If you plan to use automotive starter batteries for 200 kW peak and 30 kW after 45 seconds, you will probably need at least 50 kWh of batteries. Starter batteries are typically designed for fairly short duration high current discharge of maybe 5C for 10 seconds and then a relatively long period of charging at about 0.2-0.5C. Even under those conditions, 5 years and 10,000 cycles is highly optimistic. A car might be started 10 times a day, but except on first start after a cold night, the discharge is only a few seconds. That would be about 10,000 cycles in 3 years, and many batteries fail at that point.

This seems to be something other than a normal EV, and if it is for a stationary application then perhaps AC grid power might be available. But I will assume there is a reason for the batteries. You can get 105 Ah FLAs designed for deep discharge for about $80 each, with a weight of 65 lb each. For 50 kWh you would need 42 of them. If you connect all of them in series, you will have a nominal 504 VDC supply with a maximum of 600 VDC and a minimum of 420 VDC at 10V each at 5C for your 200 kW requirement. This voltage range is perfect for a 460V standard VFD, which can be used for overclocking a 20 kW 230 VAC motor at 2x frequency and 2.5x torque for a short duration 100kW output. Since you will already have over 2700 lb of lead batteries to deal with, a 300 lb three phase induction motor and a 100 lb 75kW 100HP drive should not be an issue. 

I think this would be far preferable to designing and building a 200kW peak buck converter, on top of using multiple lower voltage DC drives and ACIMs. A high power DC-DC converter is not a trivial design, and unless you are very lucky and highly skilled, you will probably blow up several prototypes especially if you use marginally rated components. Putting multiple components in parallel means making sure current is properly shared, and if one component fails, it will usually trigger a chain reaction that takes out all of them. Also keep in mind that when you are dealing with 200 kW of DC power at several hundred volts, short circuits can draw in excess of a megawatt, and you need proper overcurrent protection as well as blast containment. Failure to do so could be fatal. Check out some of the high voltage arc failures on YouTube, and most of them are AC, which is much easier for circuit breakers and fuses to handle.
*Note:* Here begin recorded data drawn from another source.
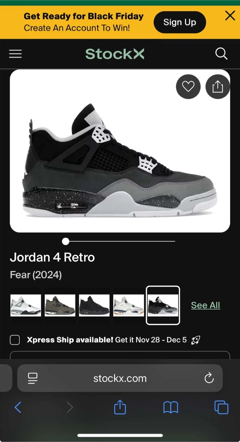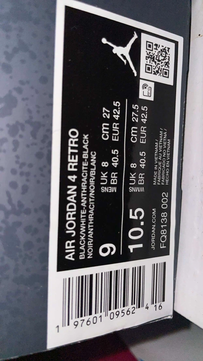 Selling a pair of Jordan 4 Retro Fear (2024) sneakers in size 9 They're black, white, anthracite, and noir/blanc. Comes with the original box!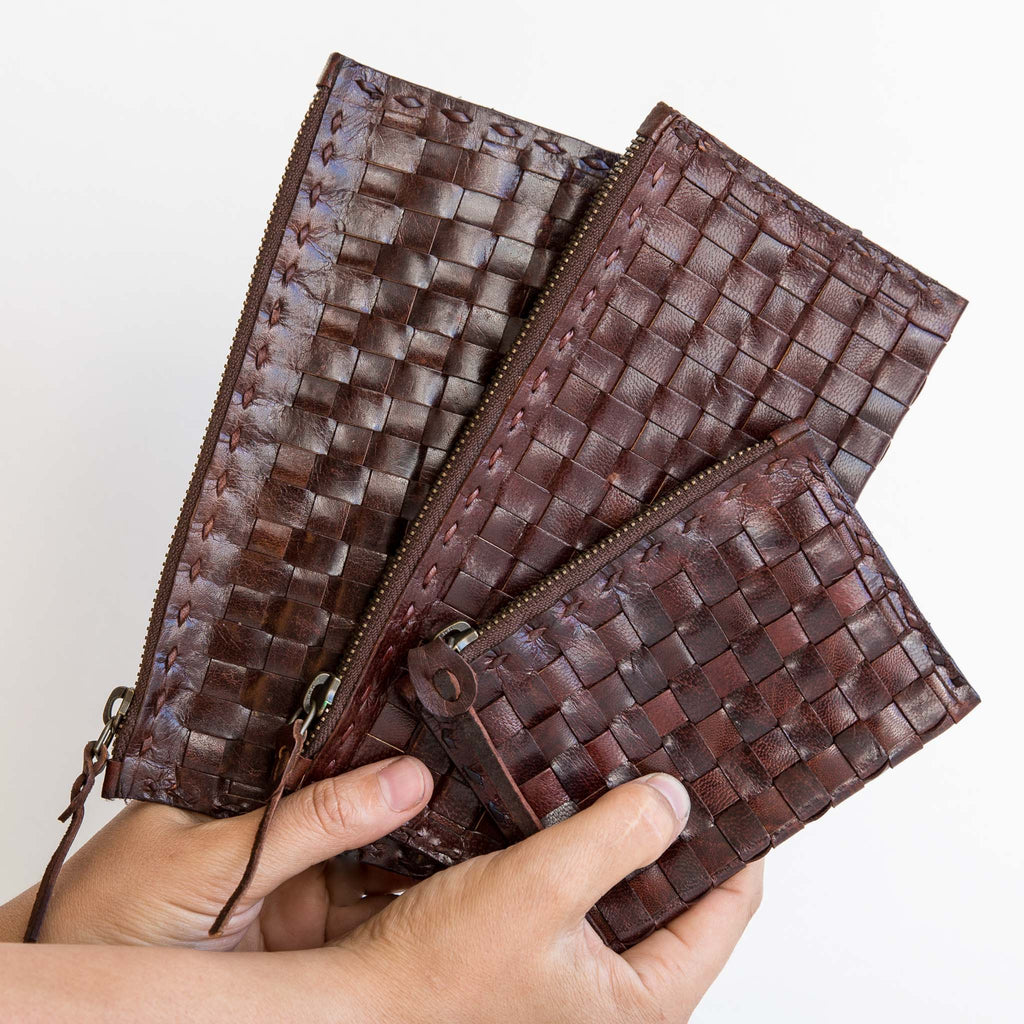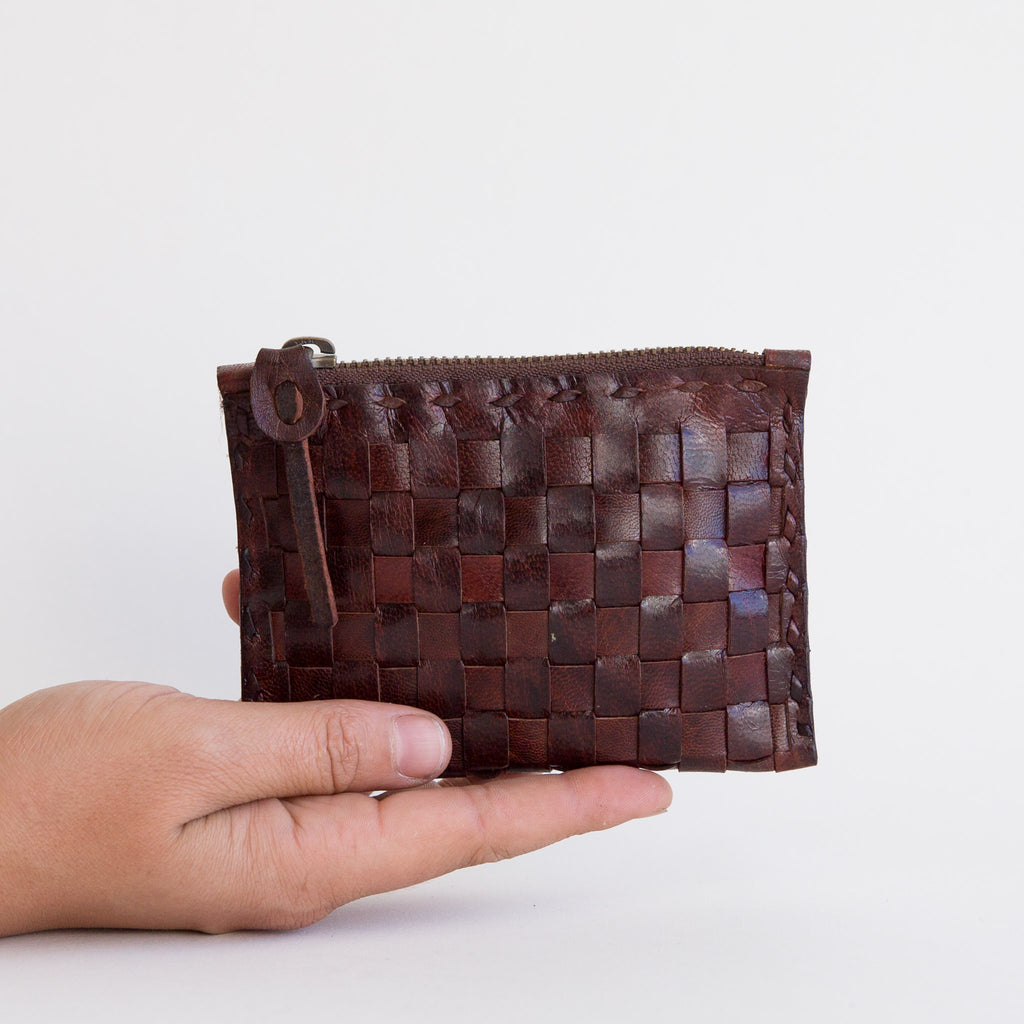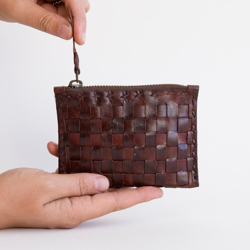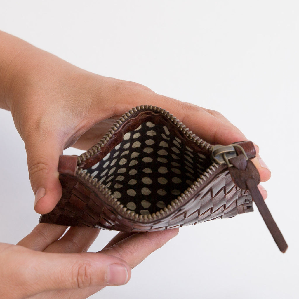 Woven leather in our smallest size. This pouch works well as a coin purse or as a card holder. It is also a perfect solution to carry your earbuds, or charger cable. Zippered enclosure with a leather pull.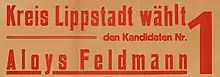 ![]() Aloys Feldmann's candidate poster for the state election in North Rhine-Westphalia 1947 | |

If you insist on proceeding with this project as you are planning, I would urge you to first build something like a 1.5 kVA DC-DC converter and drive a 2 HP motor with it. Also consider using a transformer rather than an inductor to achieve the voltage differential. You can even do it without using really high frequencies and ferrite or powdered iron cores. I have used an ordinary silicon steel tape wound toroid rewound for higher current and lower voltage at up to 16 kHz, at which you may possibly be able to get 100-200 times the rated power at 60 Hz. So a 1.4 kVA toroid core, which is about 8" dia, might be able to give you 100-200 kW, at least for short durations. Transformers do not have the same saturation problems that are involved with energy storage and release using inductors.

You may be able to design a bidirectional DC-DC converter to recoup some energy from regeneration, but it is much easier to implement with a direct battery connection to a DC bus link of a VFD as I suggested. And the overall system will be much less expensive with all standard components which can easily be serviced or replaced.


----------



## Bald Eagle (Aug 21, 2013)

PStechPaul,

Thank you for your comments - I generally concur with most of them. Some additional ones follow.

The 200 kW peak power with 1.5 kWh extracted in a cycle is a worst case scenario. A more typical cycle will require under 130 kW with less energy extracted. But I have to design the electronics to support the worst case. 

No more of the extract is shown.